Armenian folk singer (born 1960)

Hasmik Harutyunyan (Հասմիկ Հարությունյան; born December 26, 1960, in Yerevan) is an Armenian folk singer. She is the leading member of the Shoghaken Folk Ensemble and directs the Hayrik Mouradian Traditional Song and Dance Children's Ensemble.

The music of the Shoghaken Ensemble is featured on the soundtrack of the film Ararat. Harutyunyan's Armenian Lullabies was recognized by the New York Times as an outstanding world music CD in 2004.

Before performing with the Shoghaken Ensemble, Harutyunyan performed as a soloist with the Agunk Ensemble (founded by Hayrik Mouradian) of Armenian National Radio in Armenia, Europe, and the Soviet Union. With Shoghaken, she has performed in Armenia, France (including a 2006 performance at the Théâtre de la Ville in Paris), Germany, Estonia, Russia, the United Arab Emirates, and the U.S. (including an eighteen-concert 2004 tour and an appearance at the 2002 Folklife Festival as part of the Silk Road project organized by Yo Yo Ma). In 2008, Shoghaken gave concerts during their second major tour of the US and Canada; the tour coincided with the release of the ensemble's latest CD, Shoghaken Ensemble: Music From Armenia. Harutyunyan has also recorded with the Ensemble Karot. In April 2009, Hasmik gave a concert of traditional Armenian lullabies at the Giving Voice festival in Wroclaw, Poland, as well as conducting workshops in Armenian folk singing and dancing. In autumn 2009, Hasmik performed in concerts in the US with the Kitka Women's Vocal Ensemble, presenting the music of Komitas, Hayrik Mouradian, and Armenian lullabies, as well as participating in the San Francisco World Music Festival. In 2010, she performed with Shoghaken and gave a workshop on Armenian folk song and dance in Ljubljana, Slovenia.

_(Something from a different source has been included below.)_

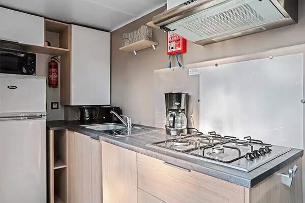 - Séjour / coin cuisine : Bouilloire, Cafetière électrique (filtre), Cuisine équipée, Evier, Micro-ondes, Plaque de cuisson 4 feux gaz, Réfrigérateur avec freezer, Table et chaises, Télévision

Harutyunyan graduated from the Yerevan State Pedagogical University and the Department of Vocal Music at the Arno Babajanian School of Music, majoring in opera.

==Discography==

Shoghaken Folk Ensemble:

- 1995: Music of Armenia Volume V: Folk Music
- 2002: Armenia Anthology
- 2002: Gorani: Traditional Dances of the Armenian Homeland
- 2004: Traditional Dances of Armenia
- 2004: Armenian Lullabies
- 2008: Shoghaken Ensemble: Music from Armenia

Ensemble Karot:

- 2001: Ensemble Karot: Traditional Songs of Armenia (Volume I)
- 2003: Ensemble Karot: Traditional Songs of Armenia (Volume II)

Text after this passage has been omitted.